A 10,000-seat soccer stadium could be coming to Port Covington, depending on the results of a feasibility study requested by Mayor Brandon Scott.
The Maryland Stadium Authority voted 4 to 0 Tuesday to explore the feasibility of constructing a soccer stadium somewhere in Baltimore City, and to make the Port Covington renewal district one of the areas under consideration.
The vote came after Al Tyler, vice president with the stadium authority’s Capital Projects Development Group, told the board that Scott asked for the study and for state to pay one-third of the study’s cost.
Tyler said Scott did not have a specific site in mind for the stadium but wanted Port Covington to be considered.
“The stadium will host an organization by the name of Right To Dream as its primary tenant,” Tyler said. “Right to Dream follows an academy-style model that uses soccer as a means to provide educational and athletic opportunity to under-privileged children. It’s very similar to the…IMG Academy,” a boarding school in Bradenton, Florida that offers academic classes and sports training.

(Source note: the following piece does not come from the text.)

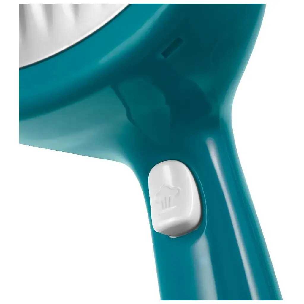 - + Хороший поток пара .в руке держать удобно . Кнопка расположена удачно ,не отжигает руку. Лёгкий, брали специально для отпусков.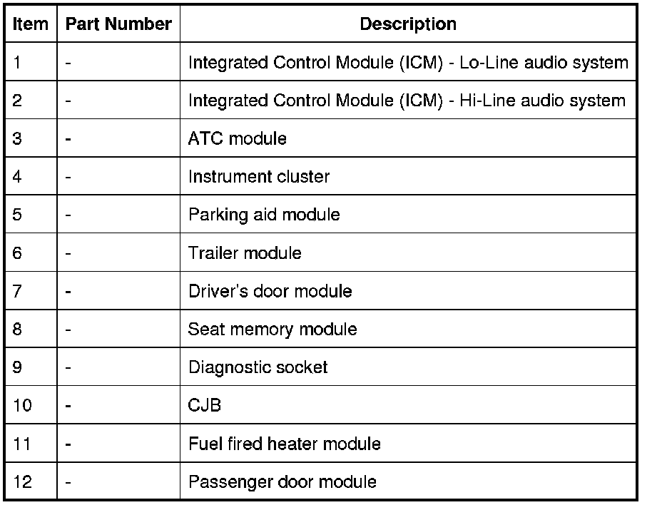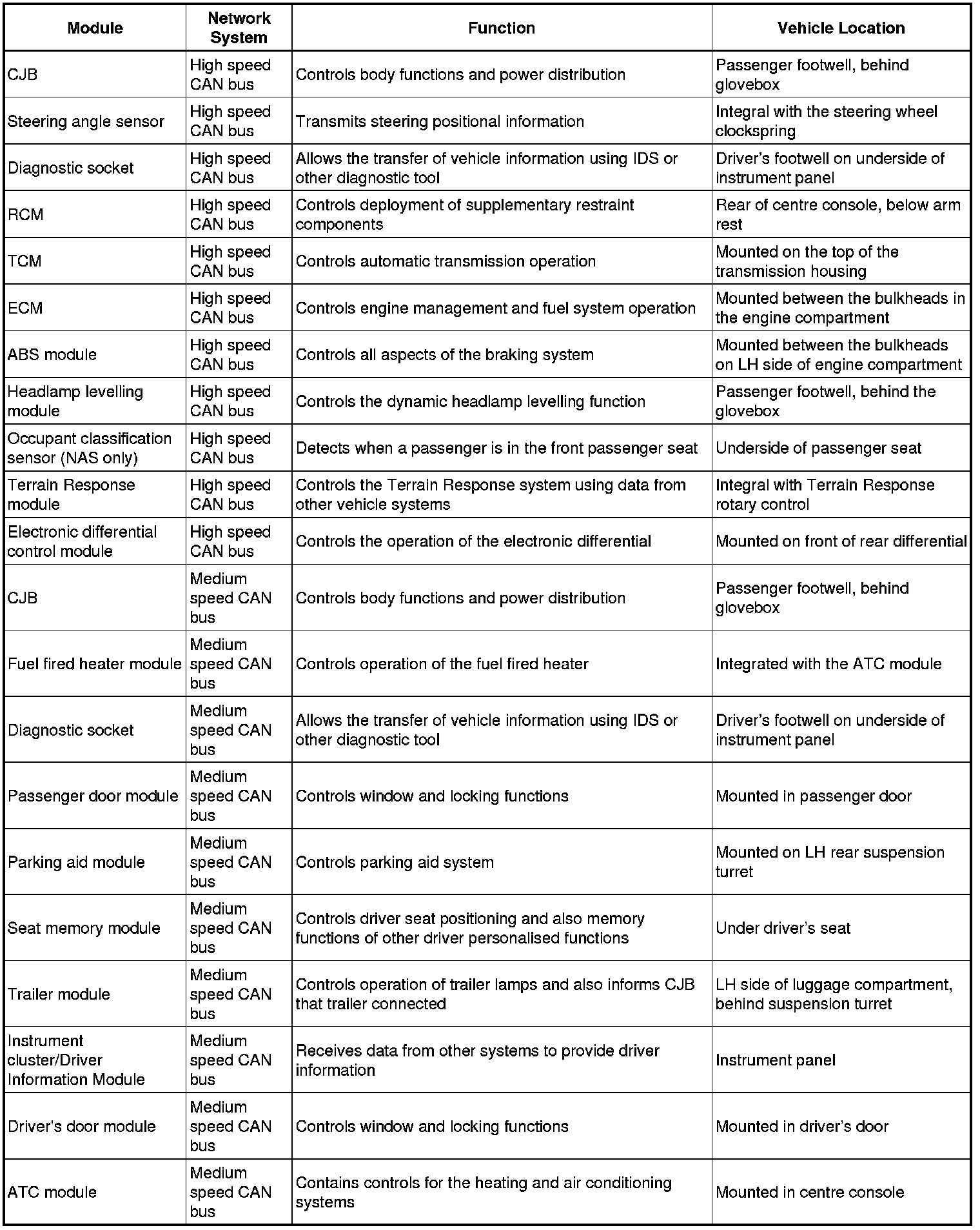 The following table shows each vehicle control module, the network system to which it is connected, its function and location in the vehicle.

The academy “operates on a campus, which usually includes residential and academic buildings as well as a multi-purpose stadium,” Tyler said. “The other thing that the stadium is envisioned to host is a men’s and a women’s USL [United Soccer League] professional team that Right to Dream has the exclusive rights to operate.”
The City of Baltimore and Right to Dream “envision that the residential and academic buildings will be privately funded and they’re envisioning that the stadium be publicly funded and owned and operated by the stadium authority,” Tyler told the state board.
“This study includes a market and research analysis related to professional soccer and the USL in Baltimore to see what that activity would generate as well as what any other sort of multi-use, multi-purpose activity would generate in Baltimore as well as an operational and economic impact analysis from owning and operating a new stadium in the city of Baltimore,” so state officials will have information about what impacts the project would have, he explained.
The study will cost $62,000. Tyler said City of Baltimore and private funding sources would cover two-thirds of the study’s cost, roughly $41,333, and Scott asked the stadium authority to pay the other third, roughly $20,667. Members were told that state funds are available to pay for the study in the fiscal year that began July 1.
Tyler stressed that the mayor does not have a specific city site in mind for the soccer stadium, except that he wants Port Covington to be considered.
“It’s not otherwise site-specific,” Tyler said. “There is a potential site that the Right to Dream and City of Baltimore folks are talking to Port Covington about. However, this is a non site-specific, other than the City of Baltimore, effort.”
Port Covington is a former industrial area in south Baltimore that is being transformed to a mixed-use community with housing, offices, shops and recreational use. The largest single parcel is a 235-acre tract with some land already targeted for recreational and open space.
Tyler gave no cost estimates for the stadium and said it was unclear at this point how much land would be needed for the stadium and surrounding campus. He said the study and the “style of stadium” will help determine the amount of land needed.
Agreeing to work on the study does not in itself represent a commitment to move ahead with the project or take an ownership interest, he added.